The Infinity Clue
- Author: Franklin W. Dixon
- Language: English
- Series: Hardy Boys
- Genre: Detective, mystery
- Publisher: Wanderer Books
- Publication date: 1981
- Publication place: United States
- Media type: Print (paperback)
- Pages: 190 pp (first edition paperback)
- ISBN: 0-671-42342-8 (first edition paperback)
- OCLC: 7572222
- LC Class: PZ7.D644 In
- Preceded by: The Four-headed Dragon
- Followed by: Track of the Zombie

= The Infinity Clue =

1981 book by Franklin W. Dixon

The Infinity Clue is the 70th title in the Hardy Boys series of mystery books for children and teens, published under the pseudonym Franklin W. Dixon. It was published by Wanderer Books in 1981.

==Plot summary==
After a dangerous tour of a nuclear power plant which was struck by an earthquake, Frank, Joe, and Chet travel to Washington, DC. This is after they receive a strange, cryptic letter from their father commanding them to go there and to be aware of Infinity.
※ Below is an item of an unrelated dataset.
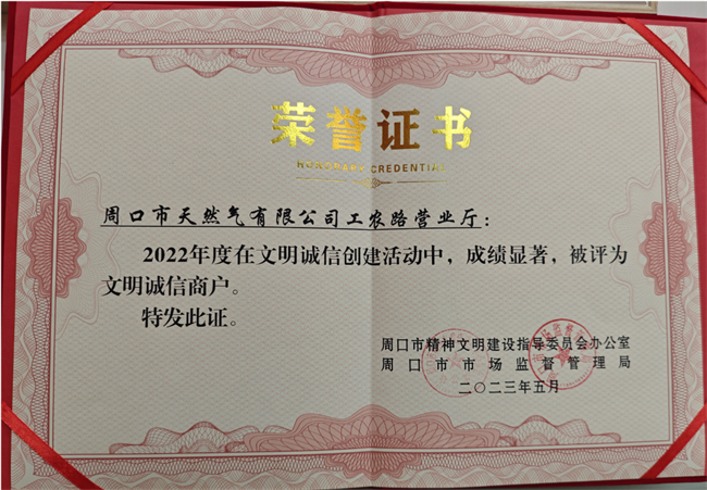 为深入培育和践行社会主义核心价值观,大力营造健康和谐、文明诚信的社会环境,强化社会公众和市场主体做文明人、办文明事的思想认知,优化营商环境,助力“信用周口 ”建设,周口市文明办、周口市市场监管局今年在周口市开展了2022年度文明诚信市场、文明诚信商户评选活动。经评选,周口市天然气有限公司工农路营业厅荣获“2022年度周口市文明诚信商户”。

After they arrive in Washington, DC, they are threatened by a ruthless terrorist who seems to have a hobby with explosives. The Infinity clue seems to turn up everywhere and a supposedly cursed diamond is stolen. The Hardy Boys are suspect of stealing the diamond and take on this new case to try to clear their name. After failure after failure, the Hardy Boys go to a strange drilling site and find the Infinity clue there too. While staying at camp, they witness a boat disguised as carrying oysters passing by. The Hardy Boys witness strange flashes and go to the source to investigate. They find a strange island where the people seem to be living in the 18th century. They then find a supposedly dead man who is the owner of the stolen diamond. Later, they travel to a strange chain of islands and learn of a sinister plot to sabotage nuclear power plants with artificial earthquakes created by miniature nuclear bombs to harm the nuclear power industry and to make oil more popular.